REDUCED POSTOPERATIVE PAIN
Some injuries are particularly painful, for example crush injuries of the foot or knee. Patients who have surgery to correct this type of injury will need a high level of analgesia post-operatively, and, although this can be provided by simple techniques such as morphine injections, these tend to produce nausea, constipation, sleep disturbances and, sometimes, mood changes and dysphoria. By incorporating a regional technique such as sciatic or femoral nerve block into the anesthesia all these complications can be reduced or eliminated; in addition, the period of awakening from general anesthesia (emergence) is typically much smoother, less stressful and more comfortable when all pain from the surgical site has been eliminated by a regional nerve block, rather than simply masked by systemic opioids.

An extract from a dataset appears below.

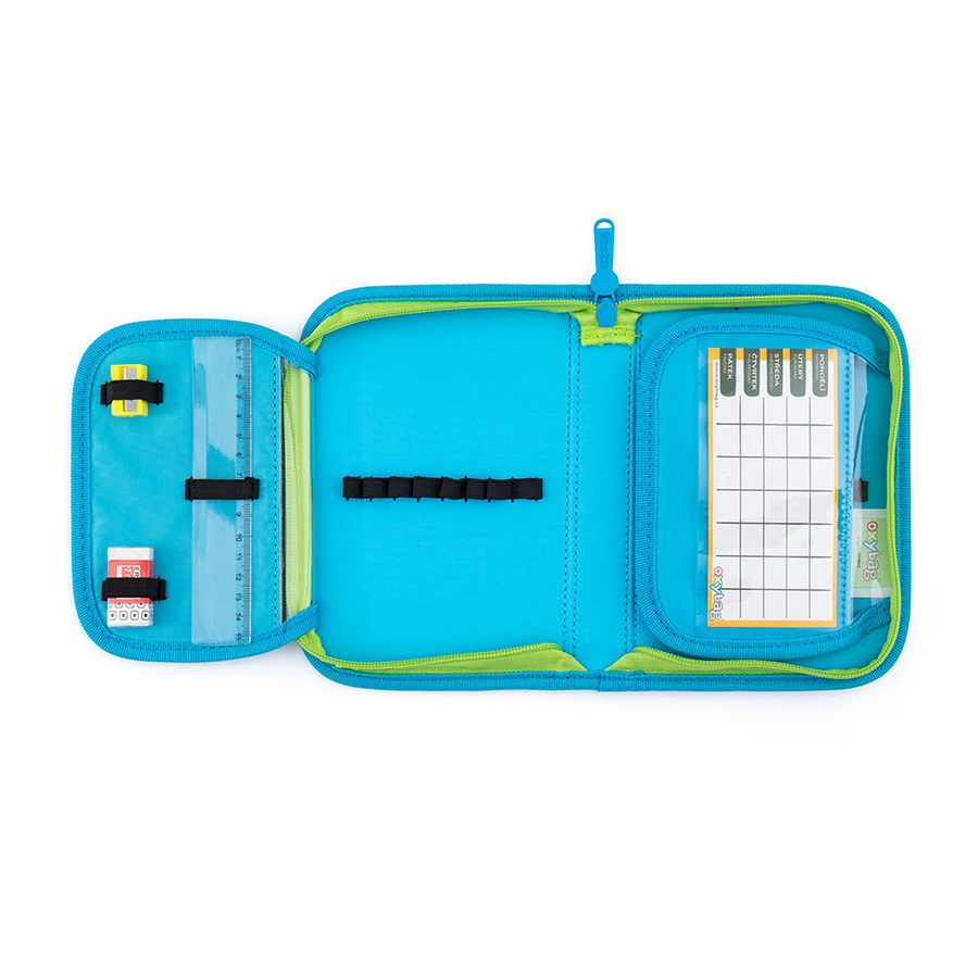 Jednopatrový školní penál se 2 chlopněmi, prázdný obsahuje 25 gumových poutek pro uchycení psacích potřeb. Na vnitřních chlopních jsou průhledné fólie pro rozvrh hodin. Rozměry: 13,5x20,5x4 cm.

REDUCED POSTOPERATIVE INFECTION
Inactive post-surgical patients lying in hospital beds are at significant risk for acquiring pneumonia. In general, opioids such as morphine cause respiratory depression and patients tend to breath less energetically than they should, exacerbating this risk. This is the reason why many post-trauma patients need routine respiratory therapy or incentive spirometry during convalescence. Reducing the amount of morphine needed generally reduces the incidence of respiratory depression and consequent pulmonary complications, and patients with good pain control provided by peripheral nerve blocks or epidural infusions require dramatically less morphine than they would otherwise.

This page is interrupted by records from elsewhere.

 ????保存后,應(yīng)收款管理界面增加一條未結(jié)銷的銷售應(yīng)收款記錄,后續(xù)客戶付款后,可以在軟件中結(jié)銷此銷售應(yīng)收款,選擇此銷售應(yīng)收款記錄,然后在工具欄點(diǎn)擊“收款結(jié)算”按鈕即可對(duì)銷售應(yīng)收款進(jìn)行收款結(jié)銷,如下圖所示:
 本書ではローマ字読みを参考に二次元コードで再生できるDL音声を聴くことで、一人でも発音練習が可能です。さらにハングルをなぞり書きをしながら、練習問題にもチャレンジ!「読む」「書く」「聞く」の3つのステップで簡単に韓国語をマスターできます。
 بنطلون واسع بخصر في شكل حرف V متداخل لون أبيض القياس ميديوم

The specific group of patients who have suffered painful rib fractures during their accident or during resuscitation, who have had chest drainage tubes placed, or who have had thoracic surgery represents a group at even greater risk of postoperative pneumonia. Painful chest injuries make it very difficult to cough breath deeply, and patients will often sit up in bed panting shallowly because it hurts to take proper breaths. This is a set-up for atalectasis, pulmonary infection and reduced oxygen supply; in many cases the appropriate use of regional techniques such as rib blocks or thoracic epidural infusions can make a significant positive difference, and can even make the difference between a successful recovery or death in elderly or frail injury victims.

IMPROVED HEALING
Traumatic amputation of finger, hand or even arm can often be repaired surgically if the victim can be transported to an appropriate hospital quickly enough. The surgery is delicate and quite time-consuming, and the goal is to restore blood circulation to the amputated tissues as quickly as possible. The body has a natural defense against blood loss after amputation and that is vasospasm, intense vasoconstriction causing arteries to clamp down in response to the stress of injury to reduce the amount of blood loss. Although this is beneficial acutely at the time of injury, it does not help in recovery and vasospasm or vasoconstriction is a feared complication of the surgical repair, starving the surgical wound of the blood needed for healing. One of the effects of regional nerve blocks using local anesthetics is sympathectomy, the elimination of vasoconstriction provoked by sympathetic responses to stress. For this reason, many surgeons request that regional blocks be used in patients undergoing re-implantation or reconstructive procedures in order to improve wound healing and to increase the chances of a successful graft.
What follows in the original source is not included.